Achievement objectives

S3-1: Conduct investigations using the statistical enquiry cycle: gathering, sorting, and displaying multivariate category and wholenumber data and simple time-series data to answer questions; identifying patterns and trends in context, within and between data sets;communicating findings, using data displays.

Description of mathematics

This diagram shows the areas of Statistics involved in this activity.

Investigation

Literacy

Probability

P

P

D

A

C


The bottom half of the diagram represents the 5 stages of the PPDAC (Problem, Plan, Data, Analysis, Conclusion) statistics investigation cycle.

Required materials

  • classmates
  • copy of the Tables (see All in the family tables CM)
  • Figure It Out, Level 3, Statistics Revised Edition, "All in the Family", pages 4-6
  • a computer spreadsheet/graphing program (optional)

See Materials that come with this resource to download:

  • All in the family activity (.pdf)
  • All in the family tables CM (.pdf)

Activity

 | 

Activity 1

In this activity, the students total the data in Table A and then summarise it in Table B so that deductions can be made.
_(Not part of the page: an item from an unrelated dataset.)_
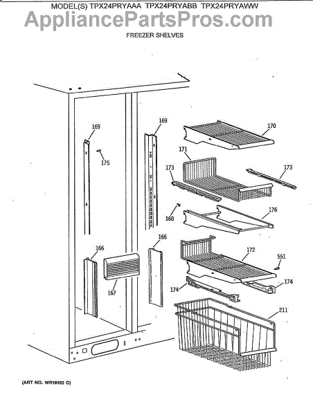 Parts for Ge TPX24PRYAAA: 04 - Freezer Shelves Parts

Three graphs are based on the information in Table B. Not all are equally suitable: the students need to realise that some graphs are better for certain types of information.
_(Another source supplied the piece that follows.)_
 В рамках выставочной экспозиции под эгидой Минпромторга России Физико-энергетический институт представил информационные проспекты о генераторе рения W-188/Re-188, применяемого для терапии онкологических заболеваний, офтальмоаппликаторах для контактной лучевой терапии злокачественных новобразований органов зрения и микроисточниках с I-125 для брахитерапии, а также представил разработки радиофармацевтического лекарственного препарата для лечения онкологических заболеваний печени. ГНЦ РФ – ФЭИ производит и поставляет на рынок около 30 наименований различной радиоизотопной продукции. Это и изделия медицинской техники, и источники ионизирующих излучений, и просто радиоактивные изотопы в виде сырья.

A line graph is inappropriate for this data because graphs of this type are most suited to showing trends in data over a period of time (with time on the horizontal axis). Line graphs should not be used for discrete data when there is no meaning that can be attached to non whole values on the horizontal axis (for example, a family with 2.7 children).

A bar graph shows the frequency or number of values in each category and how data is clustered or spread. In this case, the graph makes it clear that there are more 2-sibling families represented in the class than any other kind of family.
Pie charts show proportions visually. The pie chart shown makes it reasonably easy for students to estimate the fraction of the class that has a given number of siblings, but it does not show how many families fall into each category.
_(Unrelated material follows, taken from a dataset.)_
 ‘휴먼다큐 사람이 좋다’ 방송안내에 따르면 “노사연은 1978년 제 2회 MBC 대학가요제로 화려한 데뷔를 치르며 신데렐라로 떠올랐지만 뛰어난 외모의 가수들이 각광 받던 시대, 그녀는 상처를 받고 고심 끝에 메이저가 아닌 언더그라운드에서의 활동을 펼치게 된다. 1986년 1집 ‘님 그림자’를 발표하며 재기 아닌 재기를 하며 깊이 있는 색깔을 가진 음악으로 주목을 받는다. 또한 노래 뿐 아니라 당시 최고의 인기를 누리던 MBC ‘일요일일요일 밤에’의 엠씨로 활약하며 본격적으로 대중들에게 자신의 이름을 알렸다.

To answer question 3, students have to be able to make sense of the expression “two or more siblings”, which will be unfamiliar to some. In terms of the data, it means “three or more children” because the class member is included as part of his or her own family. Those not included in Lani’s statement are the families with two or fewer children.

Activity 2

This activity involves reorganising (or recategorising) data so that it can be analysed on the basis of family patterns and allow other features to become evident. This is possible because the data is multivariate (for each student, the data collected includes both number and gender). As part of their developing statistical literacy, students need to understand that grouping data (to create, for example, a pie chart or bar graph) always involves discarding potentially useful data. They also need to aim to collect multivariate data wherever possible because it can be analysed in more and more interesting ways and it is able to tell more stories.

Discuss with your students what other related data Lani could have easily collected at the same time as she collected the age and gender of the children in her classmates’ families. The most obvious is age. This would have made it possible to explore “place in family” patterns, for example, and it may have made it possible to better answer the original question relating to family passes.

Activity 3

This is a whole-class activity that will require your involvement in the planning. It could begin at the planning stage of the PPDAC cycle, given the preparation done in activities One and Two. Alternatively, the scope of the investigation could be broadened (perhaps by collecting age data as suggested above) and other questions answered, in which case students will need to begin at the problem stage of the investigation cycle. Data cards could be a useful tool for collecting the class data.

Ideally, students will have access to a computer spreadsheet/graphing program so that they can construct a range of graphs with ease. First check that your students have an adequate understanding of how to use the available spreadsheet programs.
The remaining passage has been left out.